• [Work instructions]: Leave the images out and write out each entry exactly as shown.

• [Given information]:
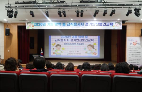 경상북도청도교육지원청은 1. 13. 청도군 청소년수련관 다목적홀에서 청도·영천 지역 학교 급식종사자 130여 명을 대상으로 방학 중 정기안전보건교육을 실시했다.
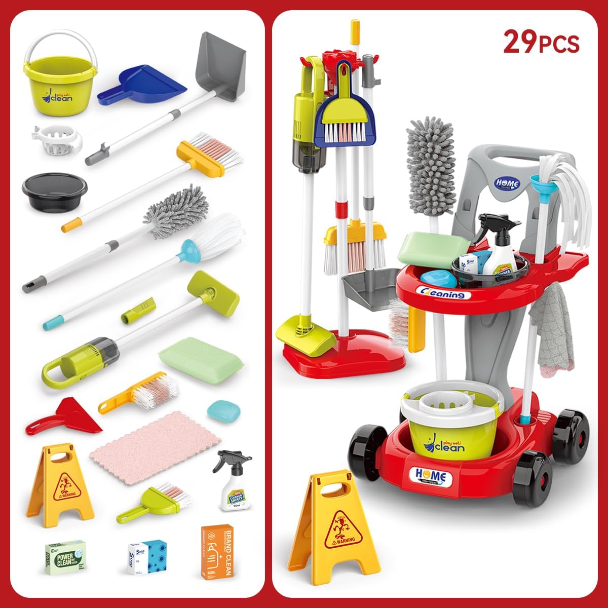 ¿Que Incluye el Set de 29 Piezas? Carrito de limpieza movil, Aspiradora electronica, Escoba, Recogedor, Mopa, Cepillo de mano, Botellas de detergente (juguete), Esponja, Cubo, Señal de “Piso Mojado” y muchos accesorios mas.
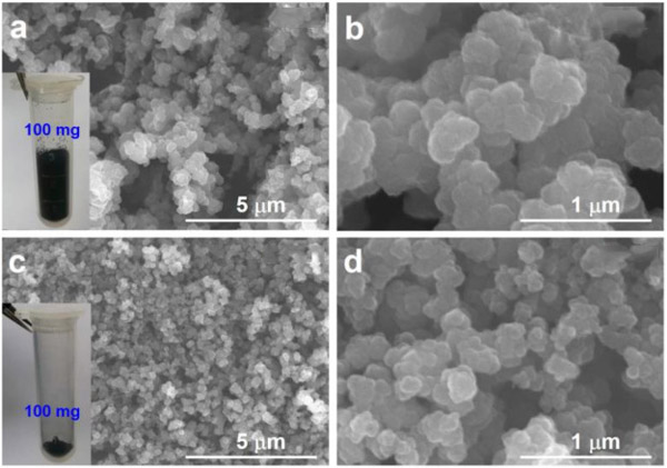 圖2中的插圖是兩種活性炭的數(shù)碼照片。當(dāng)將相同量的兩種活性炭(100 mg)放入相同體積的離心管(5 mL)中時(shí),活性炭-1粉末占據(jù)的體積更大,這表明他的密度較低。通過掃描電子顯微鏡研究了他們的形態(tài)。如圖2所示可以看出,與原始材料相比,兩種活性炭的外觀變化不大。但是,它們的粒徑不同。顯然,活性炭-1的顆粒大于活性炭-2的顆粒。這些顆粒聚集在一起并形成多孔形態(tài)。活性炭-1具有更大的孔徑,表明較疏松的多孔結(jié)構(gòu)。
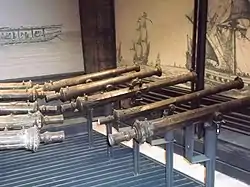 Due to the conflict-ridden nature of the Philippine archipelago, warriors were forged in the many wars in the islands, thus the islands acquired a reputation for its capable mercenaries, which were soon employed all across South and Southeast Asia with some influence even manifested in East Asia at Japan where Lucoes sailors initially guided Portuguese ships to the Shogunate[35] and even South Asia in Sri Lanka where Lungshanoid pottery from Luzon were found in burials there.[36] Lucoes (warriors from Luzon) aided the Burmese king in his invasion of Siam in 1547 AD. At the same time, Lusung warriors fought alongside the Siamese king and faced the same elephant army of the Burmese king in the defense of the Siamese capital at Ayuthaya.[37] The former sultan of Malacca decided to retake his city from the Portuguese with a fleet of ships from Lusung in 1525 AD.[lower-alpha 1]
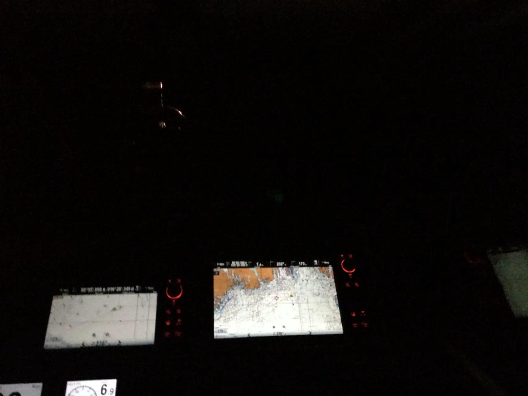 Når du kjører i mørket er nattesyn helt avgjørende. Vi anbefaler at du senker lysstyrken på kartplotter og andre instrumenter for å bevare synet best mulig. Du senker skjermstyrken på de fleste kartplottere ved å trykke på av/på-bryteren.
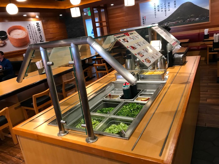 After sliding around to the cashier, you can head over to the condiment bar, where there are fresh herbs, green onions and tempura krispies as well…
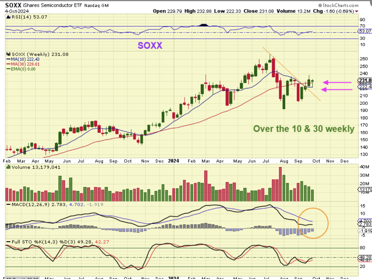THE SOXX dropped to the 10 week ma and bounced back above the 30 week ma. That is bullish price action on a weekly basis, so the SOXX (SOXL) can be considered a buy too (or MU, AMD, NVDA, TSEM, etc). This may now play catch up to former highs, and…
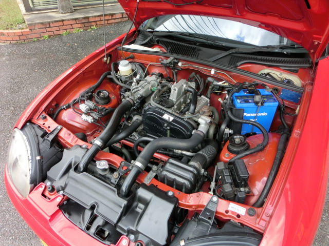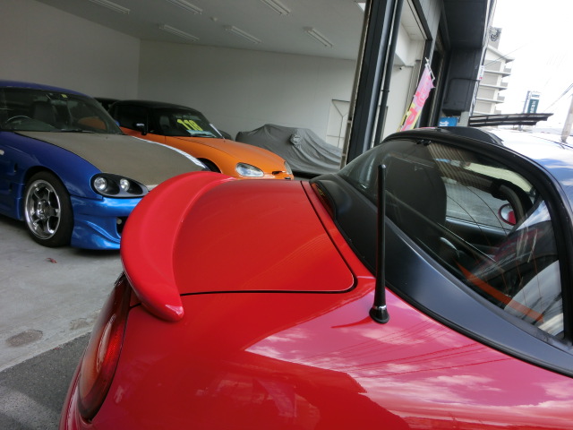 外装はフロントバンパー リアスポイラー ドアミラー ボンネット以外はオリジナルペインティングです。ちなみにボンネットは新品交換ですが、多少色灼けしています。

• [Answer to the exercise]:
 경상북도청도교육지원청은 1. 13. 청도군 청소년수련관 다목적홀에서 청도·영천 지역 학교 급식종사자 130여 명을 대상으로 방학 중 정기안전보건교육을 실시했다.
 ¿Que Incluye el Set de 29 Piezas? Carrito de limpieza movil, Aspiradora electronica, Escoba, Recogedor, Mopa, Cepillo de mano, Botellas de detergente (juguete), Esponja, Cubo, Señal de “Piso Mojado” y muchos accesorios mas.
 圖2中的插圖是兩種活性炭的數(shù)碼照片。當(dāng)將相同量的兩種活性炭(100 mg)放入相同體積的離心管(5 mL)中時(shí),活性炭-1粉末占據(jù)的體積更大,這表明他的密度較低。通過掃描電子顯微鏡研究了他們的形態(tài)。如圖2所示可以看出,與原始材料相比,兩種活性炭的外觀變化不大。但是,它們的粒徑不同。顯然,活性炭-1的顆粒大于活性炭-2的顆粒。這些顆粒聚集在一起并形成多孔形態(tài)。活性炭-1具有更大的孔徑,表明較疏松的多孔結(jié)構(gòu)。
 Due to the conflict-ridden nature of the Philippine archipelago, warriors were forged in the many wars in the islands, thus the islands acquired a reputation for its capable mercenaries, which were soon employed all across South and Southeast Asia with some influence even manifested in East Asia at Japan where Lucoes sailors initially guided Portuguese ships to the Shogunate[35] and even South Asia in Sri Lanka where Lungshanoid pottery from Luzon were found in burials there.[36] Lucoes (warriors from Luzon) aided the Burmese king in his invasion of Siam in 1547 AD. At the same time, Lusung warriors fought alongside the Siamese king and faced the same elephant army of the Burmese king in the defense of the Siamese capital at Ayuthaya.[37] The former sultan of Malacca decided to retake his city from the Portuguese with a fleet of ships from Lusung in 1525 AD.[lower-alpha 1]
 Når du kjører i mørket er nattesyn helt avgjørende. Vi anbefaler at du senker lysstyrken på kartplotter og andre instrumenter for å bevare synet best mulig. Du senker skjermstyrken på de fleste kartplottere ved å trykke på av/på-bryteren.
 After sliding around to the cashier, you can head over to the condiment bar, where there are fresh herbs, green onions and tempura krispies as well…
THE SOXX dropped to the 10 week ma and bounced back above the 30 week ma. That is bullish price action on a weekly basis, so the SOXX (SOXL) can be considered a buy too (or MU, AMD, NVDA, TSEM, etc). This may now play catch up to former highs, and…
 外装はフロントバンパー リアスポイラー ドアミラー ボンネット以外はオリジナルペインティングです。ちなみにボンネットは新品交換ですが、多少色灼けしています。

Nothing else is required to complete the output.